DARPA has made a series of strategic investments in terahertz electronics through itsHiFIVE, SWIFT and TFAST programs. Each program built on the successes of the previous one, providing the foundational research necessary for frequencies to reach the terahertz threshold.

Excerpts from DARPA CIRCUIT ACHIEVES SPEEDS OF 1 TRILLION CYCLES PER SECOND, EARNS GUINNESS WORLD RECORD, DARPA website, http://www.darpa.mil, Oct. 28, 2014

This technology can be used for Security and Communications (including military communications): Here from Wikipedia

Security:
Terahertz radiation can penetrate fabrics and plastics, so it can be used in surveillance, such as security screening, to uncover concealed weapons on a person, remotely.

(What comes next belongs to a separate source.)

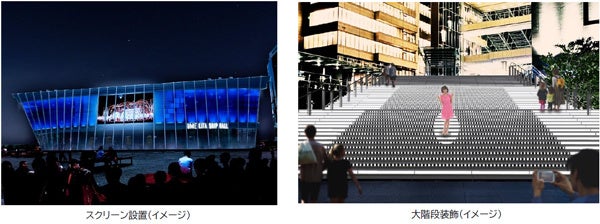 グランフロント大阪会場では、うめきた広場内・うめきたSHIPホールに巨大スクリーンを設置し、最新技術を駆使して、ここでしか見られない貴重な映像を毎晩上映。スペシャルムービーは宝塚歌劇機関誌「歌劇」の表紙&巻頭ポート撮影を2010年より担う世界的なフォトグラファー レスリー・キー氏がディレクションいたします。さらに、うめきた広場の大階段を宝塚歌劇のイメージにライトアップいたします。開放的な空間で、宝塚歌劇の華やかな世界観をご体感ください。

This is of particular interest because many materials of interest have unique spectral “fingerprints” in the terahertz range…. In January 2013, the NYPD announced plans to experiment with the newfound technology to detect concealed weapons, prompting Miami blogger and privacy activist Jonathan Corbett to file a lawsuit against the department in Manhattan federal court that same month, challenging such use: “For thousands of years, humans have used clothing to protect their modesty and have quite reasonably held the expectation of privacy for anything inside of their clothing, since no human is able to see through them.” He seeks a court order to prohibit using the technology without reasonable suspicion or probable cause.